The Spanish Directorate-General of Taxes (“DGT”) has recently decided on a case very similar to that decided by the Spanish Supreme Court in 2012. However, the conclusions reached by the DGT differ from those reached by the Supreme Court.

In that judgment, the Supreme Court debated whether the income obtained by non-resident entities for services provided in relation to the production of concerts offered by the band U2 in Spain in 1997, other than pure entertainment services, should be considered taxable in Spain in accordance with article 17.2 of the Spain-Ireland tax treaty and the Revised Non-Resident Income Tax Law, They concluded that all of the income obtained from the music tour, including that relating to production services, was taxable in Spain.

In the ruling we are examining, the DGT analysed a case, in which a US-resident entity had been hired to provide production services for a concert to be given in Spain by a US band. None of the band’s members had any type of legal or financial relationship with the entity hired to produce the concert.
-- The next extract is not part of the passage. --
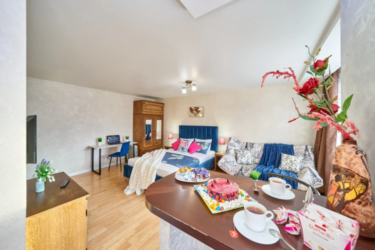 Для владельцев автомобилей есть возможность парковки на придомовой территории. Во дворе есть игровая площадка. В апартаментах: двуспальная кровать, раскладной диван и раскладная кровать со встроенным матрасом для размещения до пяти человек, шкаф для одежды, ЖК-телевизор, кухня с холодильником, плитой и духовкой, вытяжкой, микроволновкой, чайником, фильтром для воды и приборами и посудой, совмещённый санузел с ванной и душем, стиральной машиной, водонагревателем, феном, вентиляцией, гигиеническими принадлежностями, стиральным порошком, гладильная доска, утюг, пылесос, бесплатный высокоскоростной Wi-Fi.
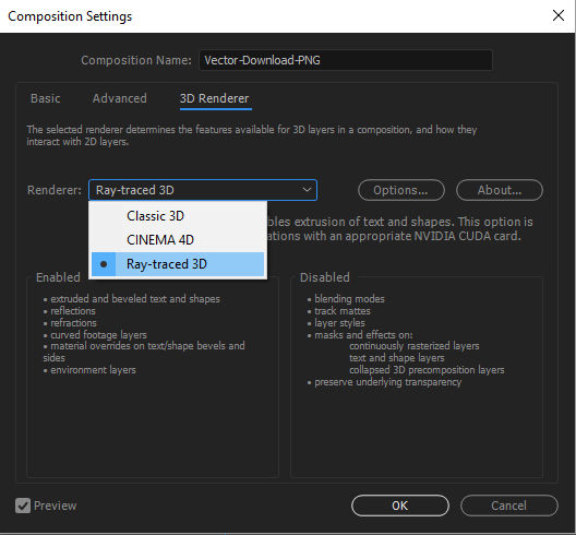 In the 3D Renderer tab, select the renderer as Ray-traced 3D. Your composition is now a Ray-traced 3D composition that allows for extruded text and shapes.

The entity organising the concert in Spain was to make two types of payments: 

  1. Known as an “artist fee” to remunerate the entertainers’ services, and payable to a US entity owned by them, and 
  2. Another known as a “production fee” to remunerate the concert production services, and payable to a US entity, not established in Spain and not having any relationship with the entertainers

The production services were to include, personnel costs; the costs associated with rehearsal facilities, rigging, stage rental and assembly, sound projection, pyrotechnics, transportation, loading, hotels, promotion and advertising, liability and medical insurance and accounting and audit fees.
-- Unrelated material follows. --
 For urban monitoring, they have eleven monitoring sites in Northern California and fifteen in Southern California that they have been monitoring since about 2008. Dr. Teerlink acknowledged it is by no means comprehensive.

The DGT concluded in its ruling that “the income paid to the requesting entity (the producer) is not deemed obtained in Spain, in accordance with the provisions of (the) Spain-US tax treaty and the interpretation of the Commentary on the OECD Model Convention, rendering it exempt in Spain.” 

The wording of the specific rule contained in the Spain-US tax treaty makes it clear that in the case submitted for a ruling, insofar as the entity that produced the concert had no legal or financial relationship with the entertainers, any income that might be received from holding the concert should not be deemed subsumed under article 19 of the treaty, but rather under “Business Profits”, rendering it tax exempt in Spain.
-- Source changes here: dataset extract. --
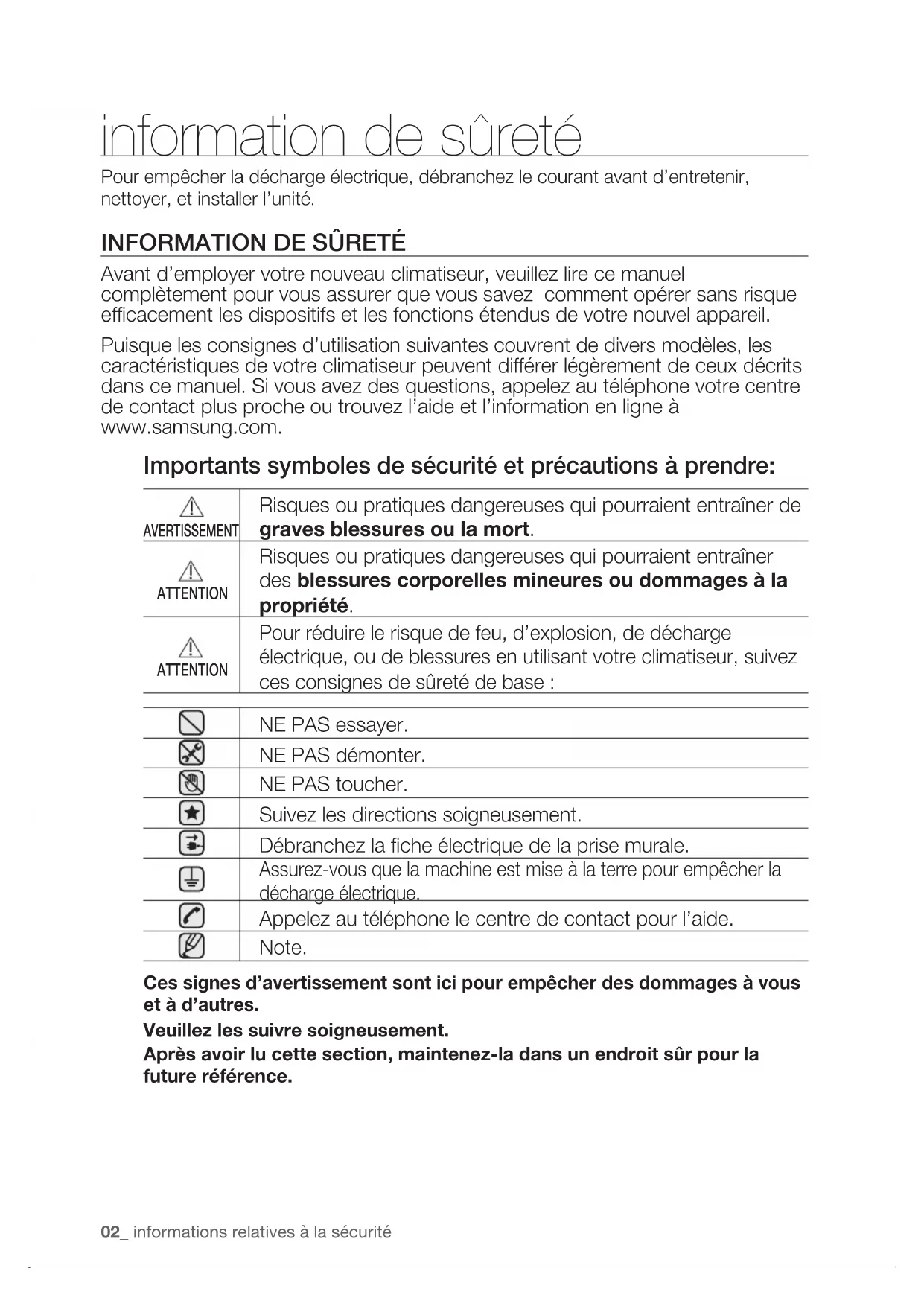 Avant d’employer votre nouveau climatiseur, veuillez lire ce manuel complètement pour vous assurer que vous savez comment opérer sans risque efficacement les dispositifs et les fonctions étendus de votre nouvel appareil. Puisque les consignes d’utilisation suivantes couvrent de divers modèles, les caractéristiques de votre climatiseur peuvent différer légèrement de ceux décrits dans ce manuel. Si vous avez des questions, appelez au téléphone votre centre de contact plus proche ou trouvez l’aide et l’information en ligne à www.samsung.com. Importants symboles de sécurité et précautions à prendre: AVERTISSEMENT Risques ou pratiques dangereuses qui pourraient entraîner de graves blessures ou la mort. ATTENTION Risques ou pratiques dangereuses qui pourraient entraîner des blessures corporelles mineures ou dommages à la propriété. ATTENTION Pour réduire le risque de feu, d’explosion, de décharge électrique, ou de blessures en utilisant votre climatiseur, suivez ces consignes de sûreté de base : NE PAS essayer. NE PAS démonter. NE PAS toucher. Suivez les directions soigneusement. Débranchez la fiche électrique de la prise murale. Assurez-vous que la machine est mise à la terre pour empêcher la décharge électrique. Appelez au téléphone le centre de contact pour l’aide. Note. Ces signes d’avertissement sont ici pour empêcher des dommages à vous et à d’autres. Veuillez les suivre soigneusement. Après avoir lu cette section, maintenez-la dans un endroit sûr pour la future référence.informations relatives à la sécurité _03 FRANÇAIS

In short, given that in the case analysed the requesting entity was hired to provide concert production services in Spain, bearing no relation to the activities of the entertainers performing in the concert, the DGT concluded that the income paid to the producer was not considered to be obtained in Spain, in accordance with the Spain-US tax treaty and the interpretation of the OECD Model Convention, rendering it exempt in Spain.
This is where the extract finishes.